- Filename extension: .jhtml
- Internet media type: java-internal/java-html
- Developed by: Art Technology Group (ATG) (Oracle from 2011)

= JHTML =

JHTML stands for Java within HTML. This is a page authoring system developed at Art Technology Group (ATG). Files with a ".jhtml" filename extension contain standard HTML tags in addition to proprietary tags that reference Java objects running on a special server set up to handle requests for pages of this sort.

== Overview ==
When a request is made for a JHTML page, e.g. "index.jhtml", the request for this page is forwarded from the HTTP server to another system running a Java application server. The JHTML page is compiled first into a .java file and then into a Java .class file. The application server runs the code in the .class file as a servlet whose sole function is to emit a stream of standard HTTP and HTML data back to the HTTP server and on back to the client software (the web browser, usually) that originally requested the document. The principal benefit of this system is that it allows logic running in Java on the application server to generate the HTML dynamically. Often a database is queried to accumulate the specific data needed in the page.

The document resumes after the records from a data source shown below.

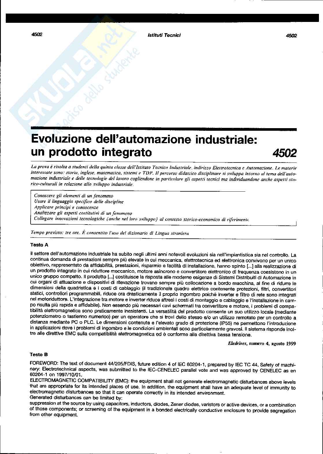 Terza prova ITI elettronica e automazioni - Simulazione Pag. 1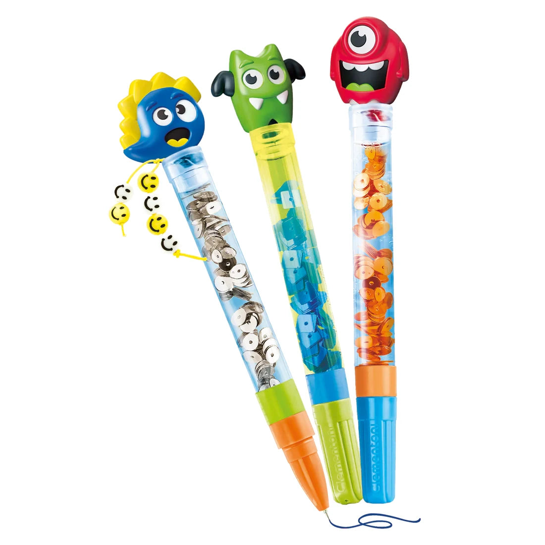 Un coffret créatif original qui permet d'assembler 3 stylos et de les personnaliser avec différentes décorations sur le thème des monstres. Le coffret contient 3 stylos à assembler, 4 encres de couleurs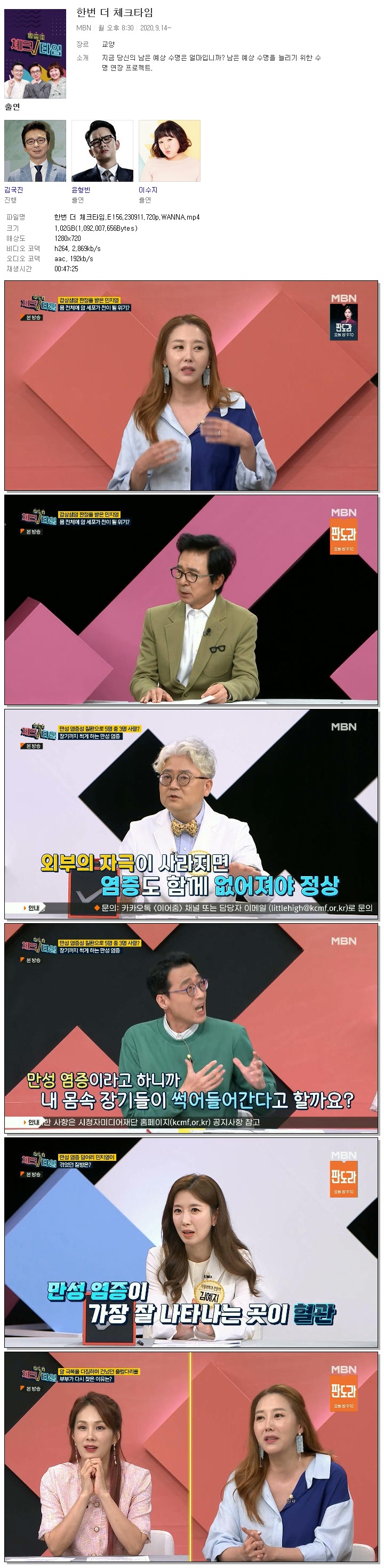 | 한번 더 체크타임.E156.230911.720p.WANNA.mp4 | 1 G | 00:47:25 | 1280x720 |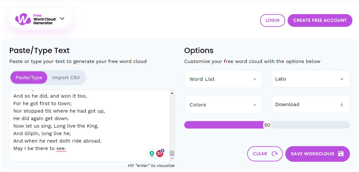1. Adım:Https://www.wordclouds.com/ adresine gidin.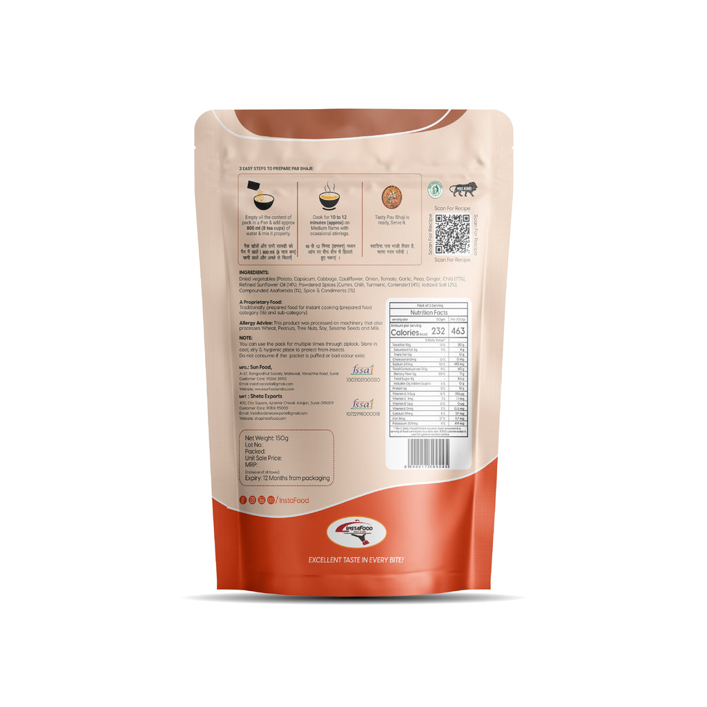Sheta Exports Pav Bhaji - 150 gms | After Cooking Gets 900 gms to Serve | Ready To Eat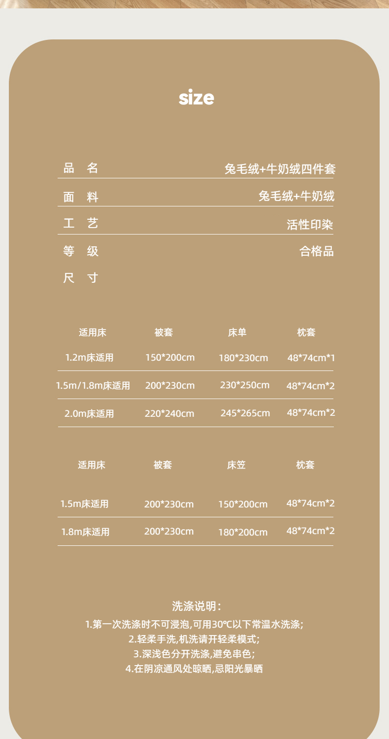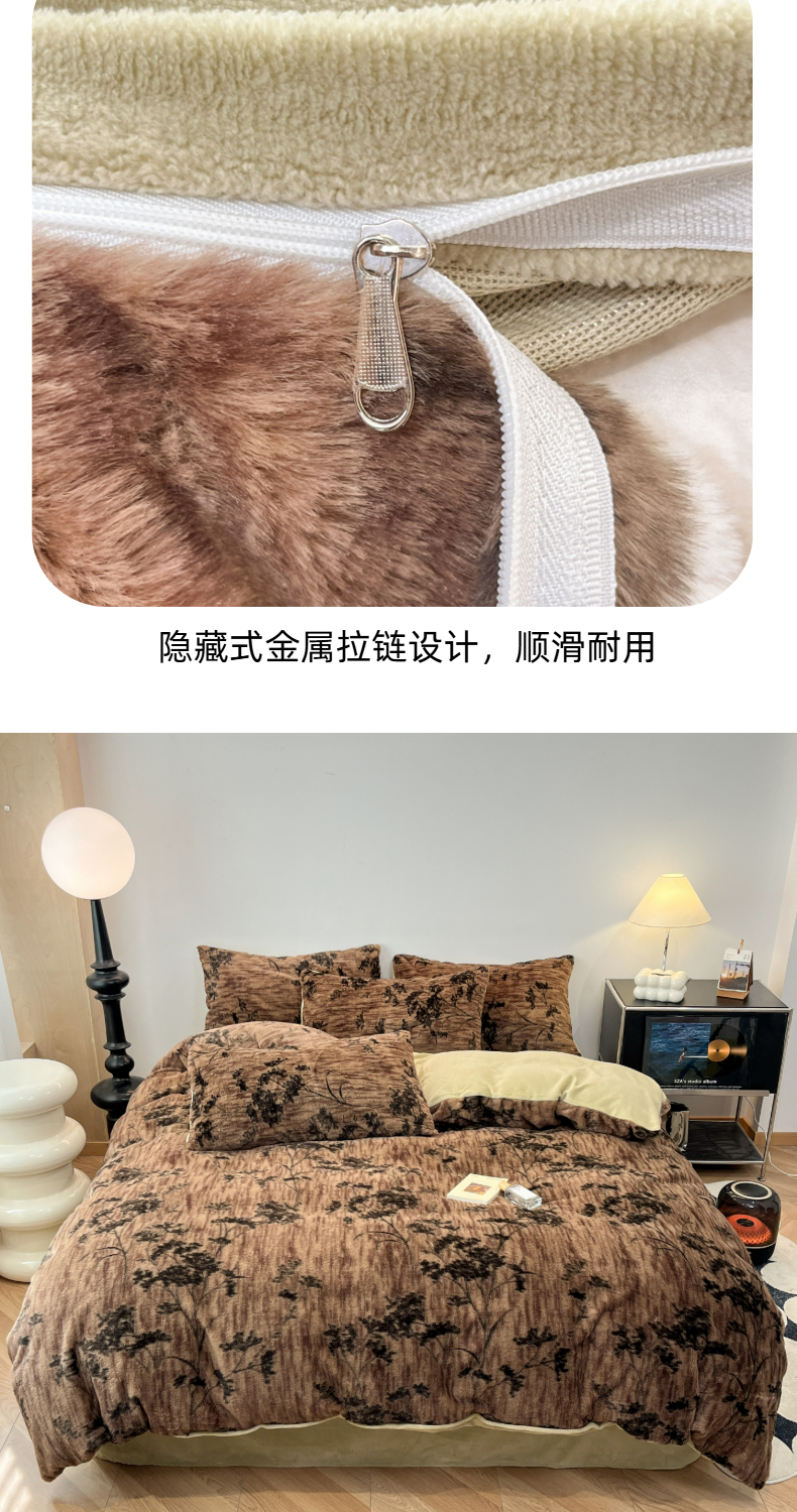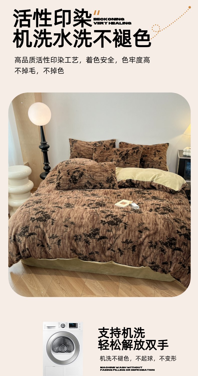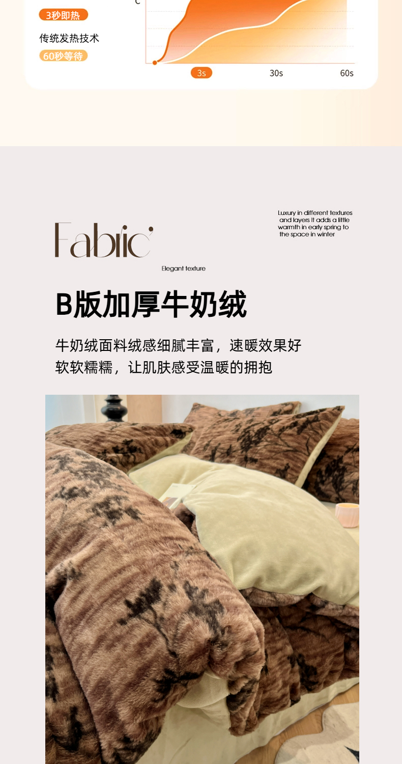 商品名称:金爱家 2025新款全消光牛奶绒A类赫本风纯色獭兔毛绒立体牛奶绒四件套 兔毛-树枝棕色

The system is derived from earlier forms of CGI programming that allow a program running on a web server to generate HTML dynamically. With JHTML, you can author standard HTML and just insert a few extra tags that represent the pieces of the HTML page data that Java should be used to create. JHTML is a proprietary technology of ATG. Sun Microsystems licensed parts of this technology and developed the JSP system from the ATG page compilation system.